#### Exercise directions:
Look below for the line with "Calotype (negative) with" and the line with "Kleur zachtgeel/zachtoker met". Copy exactly those two lines and every line between, but not the pictures.

#### Study material:
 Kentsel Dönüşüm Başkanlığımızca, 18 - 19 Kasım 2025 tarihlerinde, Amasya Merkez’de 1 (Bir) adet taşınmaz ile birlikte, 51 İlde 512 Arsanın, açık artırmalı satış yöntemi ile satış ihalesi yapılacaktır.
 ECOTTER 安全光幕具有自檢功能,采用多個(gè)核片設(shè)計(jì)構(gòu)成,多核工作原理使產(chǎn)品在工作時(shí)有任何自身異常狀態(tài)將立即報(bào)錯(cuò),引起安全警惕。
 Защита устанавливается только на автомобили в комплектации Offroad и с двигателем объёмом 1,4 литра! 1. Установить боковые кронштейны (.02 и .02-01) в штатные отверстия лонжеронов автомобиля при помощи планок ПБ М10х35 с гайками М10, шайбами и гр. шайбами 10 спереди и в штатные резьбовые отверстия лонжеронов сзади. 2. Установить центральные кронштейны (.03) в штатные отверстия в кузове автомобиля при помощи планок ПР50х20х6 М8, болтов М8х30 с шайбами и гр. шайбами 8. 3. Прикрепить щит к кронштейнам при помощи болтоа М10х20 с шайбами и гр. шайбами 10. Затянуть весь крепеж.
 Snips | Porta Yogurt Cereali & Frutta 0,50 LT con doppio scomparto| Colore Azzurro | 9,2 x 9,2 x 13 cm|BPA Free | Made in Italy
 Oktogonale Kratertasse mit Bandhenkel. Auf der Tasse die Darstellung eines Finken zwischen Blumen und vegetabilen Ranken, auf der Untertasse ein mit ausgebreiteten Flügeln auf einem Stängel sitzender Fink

--

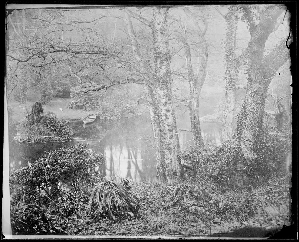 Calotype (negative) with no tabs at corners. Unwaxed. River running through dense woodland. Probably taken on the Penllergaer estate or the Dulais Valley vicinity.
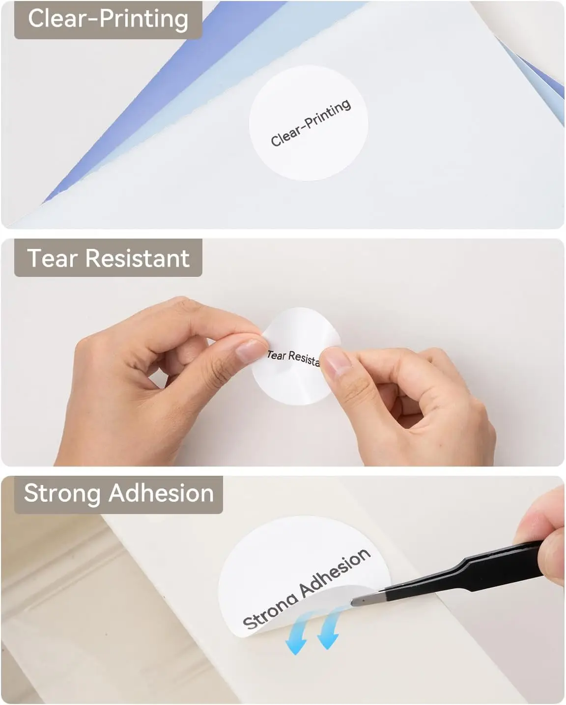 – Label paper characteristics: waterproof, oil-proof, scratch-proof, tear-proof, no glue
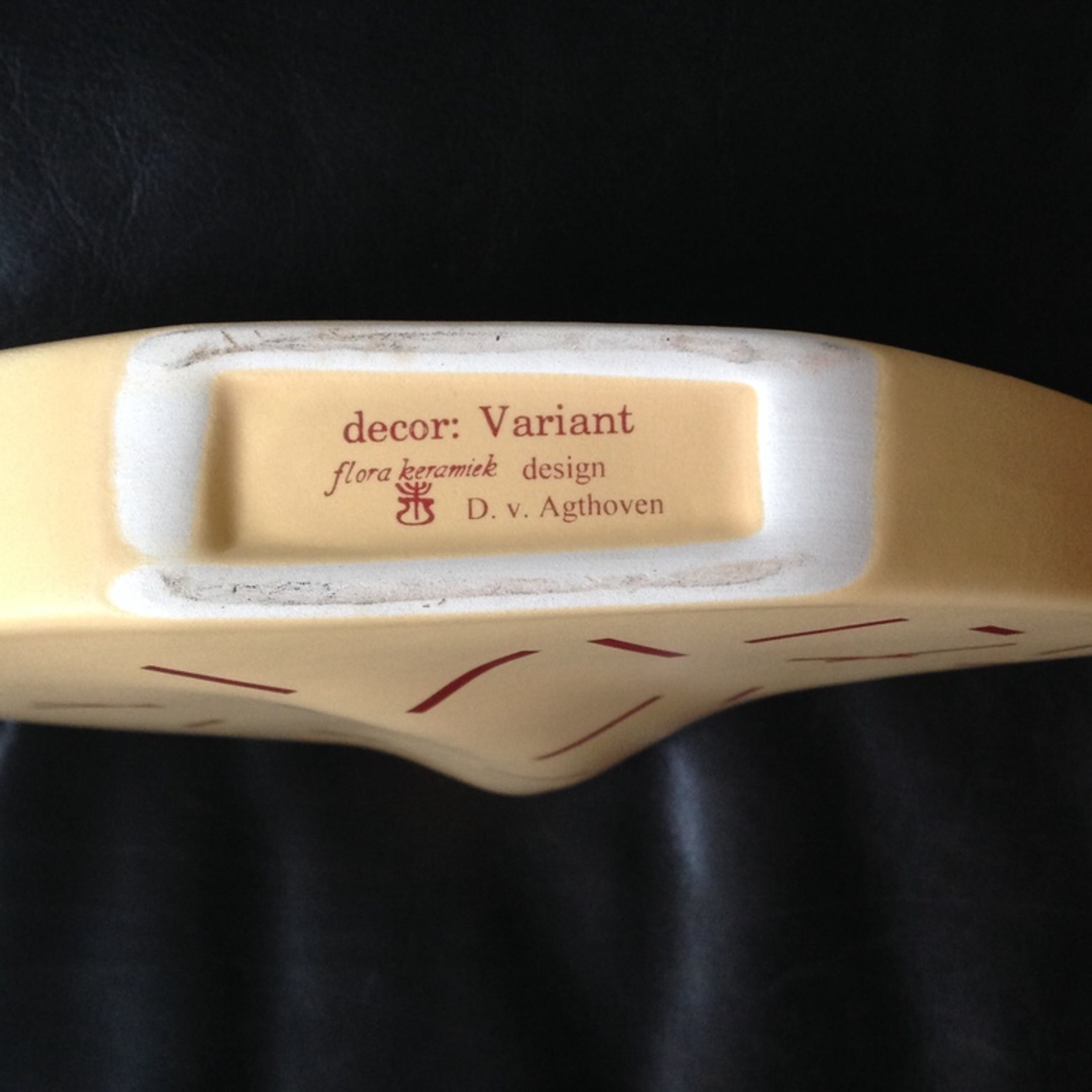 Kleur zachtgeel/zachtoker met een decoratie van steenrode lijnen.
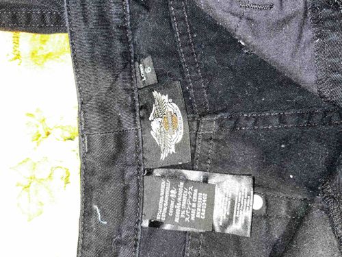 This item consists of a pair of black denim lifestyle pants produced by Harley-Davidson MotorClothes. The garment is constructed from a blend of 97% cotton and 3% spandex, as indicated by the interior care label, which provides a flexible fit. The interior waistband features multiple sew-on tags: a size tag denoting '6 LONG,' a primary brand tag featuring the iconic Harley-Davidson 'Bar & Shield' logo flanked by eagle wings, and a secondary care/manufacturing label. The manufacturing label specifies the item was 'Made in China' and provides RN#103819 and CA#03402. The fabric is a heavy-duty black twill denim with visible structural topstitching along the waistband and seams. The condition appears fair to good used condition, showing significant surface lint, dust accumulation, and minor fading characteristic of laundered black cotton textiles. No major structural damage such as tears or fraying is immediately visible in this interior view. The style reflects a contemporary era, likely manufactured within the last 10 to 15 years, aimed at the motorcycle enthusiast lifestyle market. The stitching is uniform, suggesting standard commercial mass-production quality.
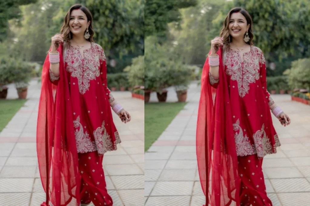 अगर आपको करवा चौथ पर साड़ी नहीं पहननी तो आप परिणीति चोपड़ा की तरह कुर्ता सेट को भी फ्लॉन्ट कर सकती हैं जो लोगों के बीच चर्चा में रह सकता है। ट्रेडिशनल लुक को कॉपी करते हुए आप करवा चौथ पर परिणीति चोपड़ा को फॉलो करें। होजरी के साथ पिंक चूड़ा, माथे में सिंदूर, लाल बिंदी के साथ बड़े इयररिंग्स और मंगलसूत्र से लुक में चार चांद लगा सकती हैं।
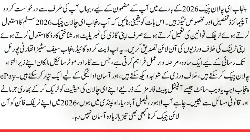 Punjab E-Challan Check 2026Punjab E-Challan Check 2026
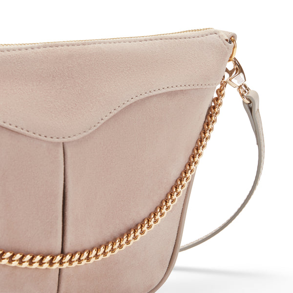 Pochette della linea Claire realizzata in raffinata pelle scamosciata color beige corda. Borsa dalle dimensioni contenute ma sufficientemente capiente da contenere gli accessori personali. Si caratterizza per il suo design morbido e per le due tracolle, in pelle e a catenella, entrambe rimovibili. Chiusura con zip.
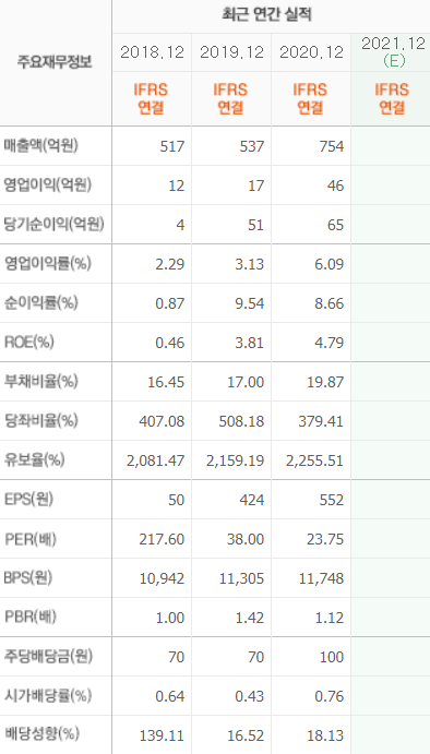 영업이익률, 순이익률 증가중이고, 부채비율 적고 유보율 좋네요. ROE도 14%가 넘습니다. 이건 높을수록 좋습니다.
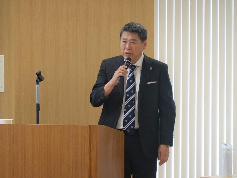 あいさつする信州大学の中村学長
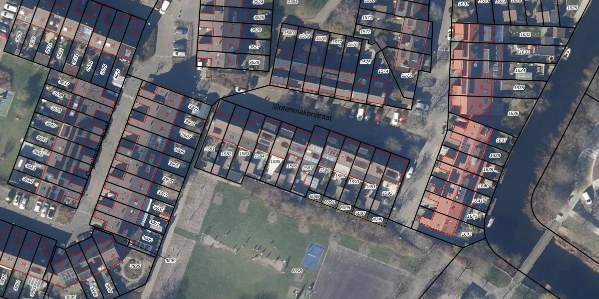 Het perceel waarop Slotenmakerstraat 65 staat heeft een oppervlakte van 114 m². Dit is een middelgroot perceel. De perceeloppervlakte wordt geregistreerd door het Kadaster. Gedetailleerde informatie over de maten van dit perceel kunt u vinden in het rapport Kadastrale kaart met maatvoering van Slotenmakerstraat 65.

==

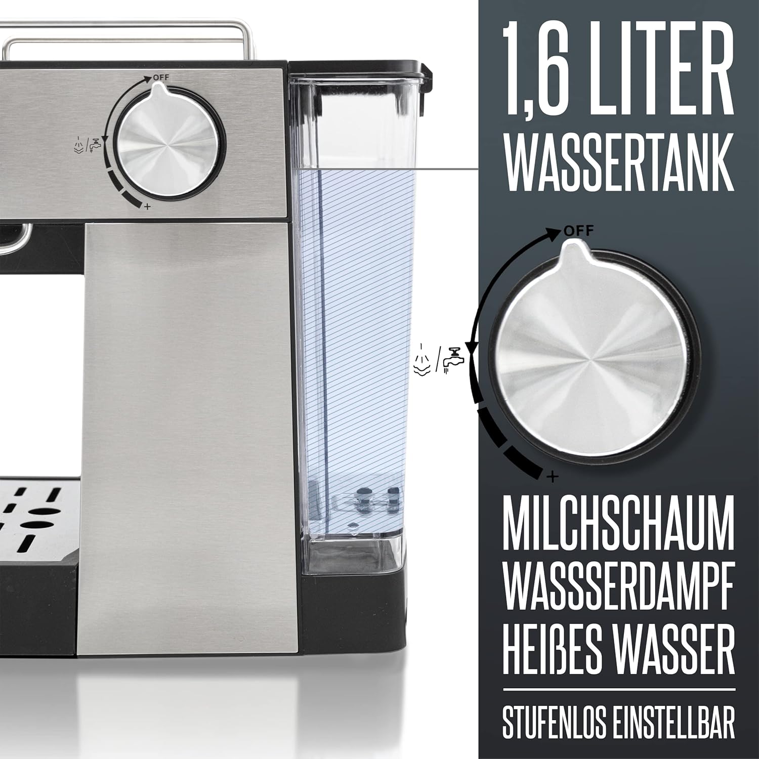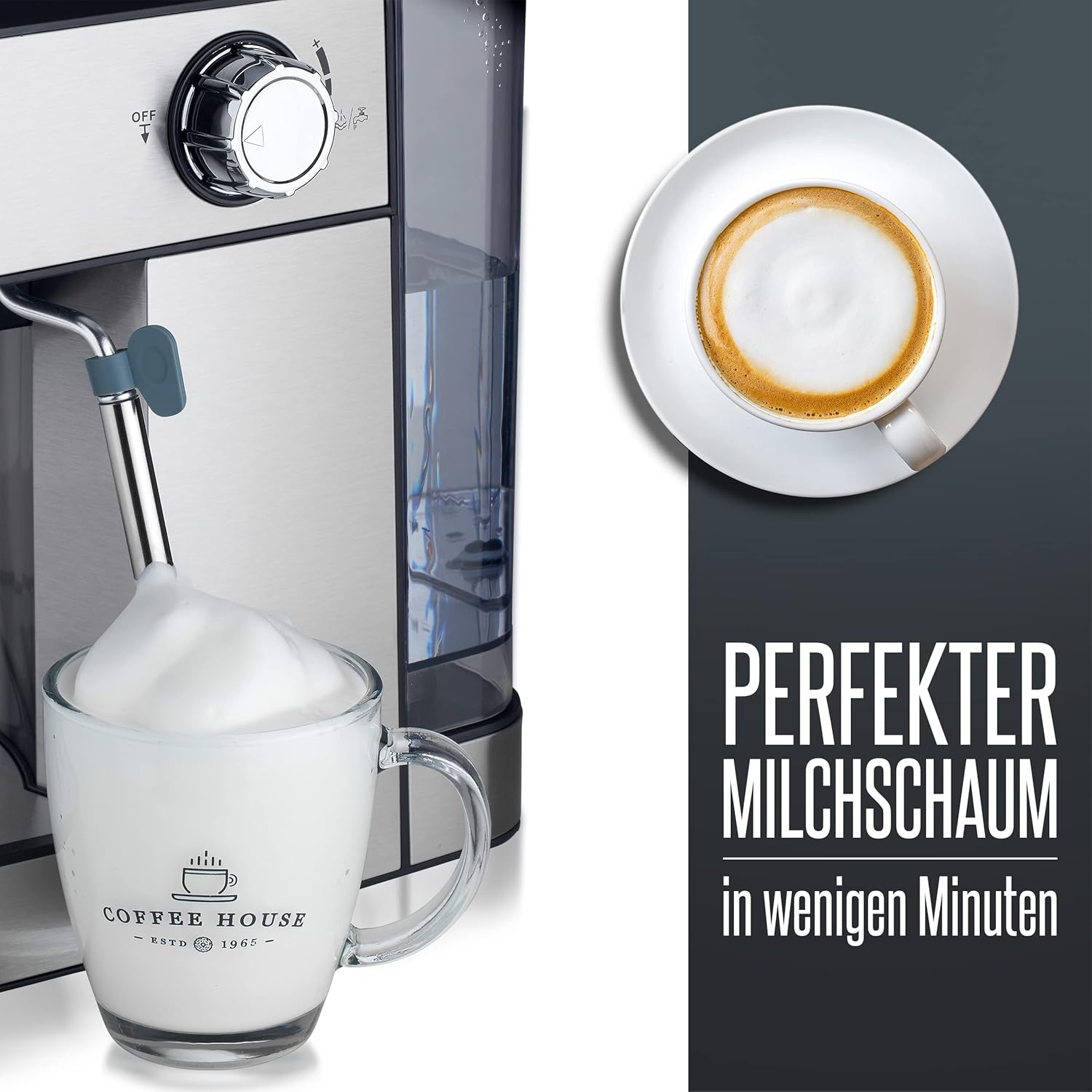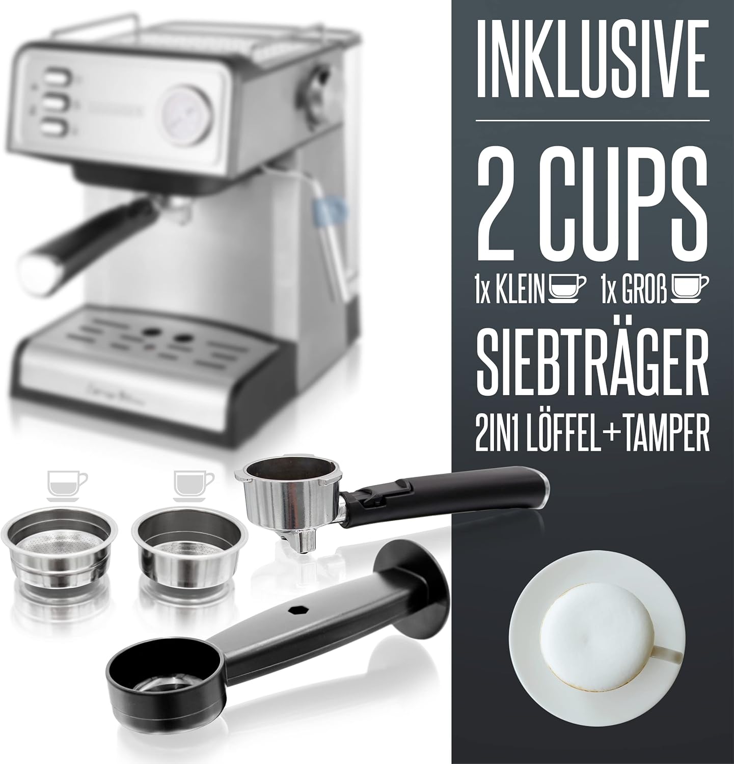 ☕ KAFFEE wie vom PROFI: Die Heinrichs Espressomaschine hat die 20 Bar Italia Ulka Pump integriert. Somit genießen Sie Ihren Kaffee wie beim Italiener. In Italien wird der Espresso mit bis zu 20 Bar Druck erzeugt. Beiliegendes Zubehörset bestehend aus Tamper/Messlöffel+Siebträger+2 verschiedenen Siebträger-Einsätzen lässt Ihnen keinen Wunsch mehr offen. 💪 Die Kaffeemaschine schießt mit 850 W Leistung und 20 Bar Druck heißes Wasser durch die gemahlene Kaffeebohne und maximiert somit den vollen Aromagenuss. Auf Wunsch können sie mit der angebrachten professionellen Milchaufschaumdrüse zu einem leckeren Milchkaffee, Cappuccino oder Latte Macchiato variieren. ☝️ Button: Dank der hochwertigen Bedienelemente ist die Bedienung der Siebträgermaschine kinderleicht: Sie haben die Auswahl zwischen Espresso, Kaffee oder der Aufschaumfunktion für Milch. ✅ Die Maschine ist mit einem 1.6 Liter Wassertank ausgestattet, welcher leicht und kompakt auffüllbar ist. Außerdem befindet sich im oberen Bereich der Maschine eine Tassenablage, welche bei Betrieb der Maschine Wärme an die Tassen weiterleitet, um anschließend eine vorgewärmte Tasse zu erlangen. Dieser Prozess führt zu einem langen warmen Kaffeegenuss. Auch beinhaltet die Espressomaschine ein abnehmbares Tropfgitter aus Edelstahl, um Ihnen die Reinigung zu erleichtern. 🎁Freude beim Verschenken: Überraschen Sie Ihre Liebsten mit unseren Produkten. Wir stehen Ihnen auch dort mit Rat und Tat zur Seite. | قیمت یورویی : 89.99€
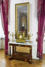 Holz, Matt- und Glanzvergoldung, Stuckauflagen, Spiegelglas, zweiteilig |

#### Solution for this task:
 Calotype (negative) with no tabs at corners. Unwaxed. River running through dense woodland. Probably taken on the Penllergaer estate or the Dulais Valley vicinity.
 – Label paper characteristics: waterproof, oil-proof, scratch-proof, tear-proof, no glue
 Kleur zachtgeel/zachtoker met een decoratie van steenrode lijnen.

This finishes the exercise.